Figure 86–8 A to C, A 3- to 5-cm seromuscular tube denuded of mucosa and lined by serosa is fashioned for tunneled reimplantation. The tube is rolled over an 18-Fr Foley catheter. A mucosal window is opened at the base of the U, and the tube sutured to the mucosa with interrupted sutures.

(From Lampel A, Hohenfellner M, Schultz-Lampel D, Thuroff JW. In situ tunneled bowel flap tubes: two new techniques of a continent outlet for Mainz pouch cutaneous diversion. J Urol 1995;153:308–15.)

Another novel Mitrofanoff continence mechanism was described by Montie (1997), who conceived of a procedure in which a 2- to 3-cm segment of terminal ileum is isolated on its blood supply (Fig. 86–9A). The width of the segment was chosen to correspond to the circumference of the tube to be created. Once isolated, the segment is opened near one of its mesenteric junctions to create a longitudinal reconfiguration (see Fig. 86–9B and C). The tube is then closed with a running 3-0 absorbable suture (see Fig. 86–9D). It can now be used for a Mitrofanoff implant. When longer tubes are necessary, two adjacent segments can be isolated, reconfigured, and joined together (see Fig. 86–9E and F). Although originally described in dogs, the authors have used this technique in humans without complication. Montie (1997) reported on a high rate of stomal stenosis in dogs, but this may have been secondary to infrequent catheterizations. Stomal stenosis has not occurred in our limited series of patients. Other groups have used tapered ileum to create a tunneled access into the right colon (Fig. 86–10) (Woodhouse and MacNeily, 1994; Hampel et al, 1995). Using tapered ileum for this purpose has the advantage of a blood supply independent of the reservoir and no length restrictions while having the disadvantage of further limiting intestinal absorptive surface.
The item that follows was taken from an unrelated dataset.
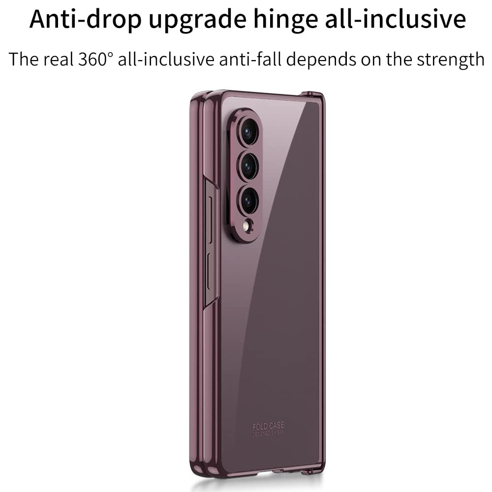 Midkart Automatic Recovery Magnetic Hinge Protection Cover Compatible with Samsung Galaxy Z Fold 4 Hard PC Electroplated Borders Anti-Yellowing Protective Case, Transparent & Burgundy

Figure 86–9 A, A 2- to 3-cm segment of terminal ileum is isolated on its blood supply. B and C, The tubular segment is opened approximately one fourth of the way up one side. This results in a well-vascularized rectangular plate. D, The rectangular tube is now closed over a catheter with a running absorbable suture. E and F, Two adjacent segments can be joined together to create one long tube.

(From Monti PR, Lara RC, Dutra MA, et al. New techniques for construction of efferent conduits based on the Mitrofanoff principle. Urology 1997;49:112–5.)

Figure 86–10 A to C, Woodhouse tapered ileum.

(From Woodhouse CR, MacNeily AE. The Mitrofanoff principle: expanding upon a versatile technique. Br J Urol 1994;74:447–53.)

Wiesner and colleagues (2007) recently compared their long-term results in 458 patients who underwent Mainz I pouch construction. The anastomosis was made using a submucosal tunnel in 809 renal-ureteric units and using a serosa-lined extramural tunnel in 74 units. At 17 months postoperatively they found a significantly higher occurrence of anastomotic obstruction in the submucosal tunnel group compared with the extramural group (7.3% vs. 4.1%, respectively). Importantly, they found a much higher rate of obstruction in patients with previously dilated upper tracts (14%) or with a history of neurogenic bladder (17%). No significant deterioration of the upper tracts was identified.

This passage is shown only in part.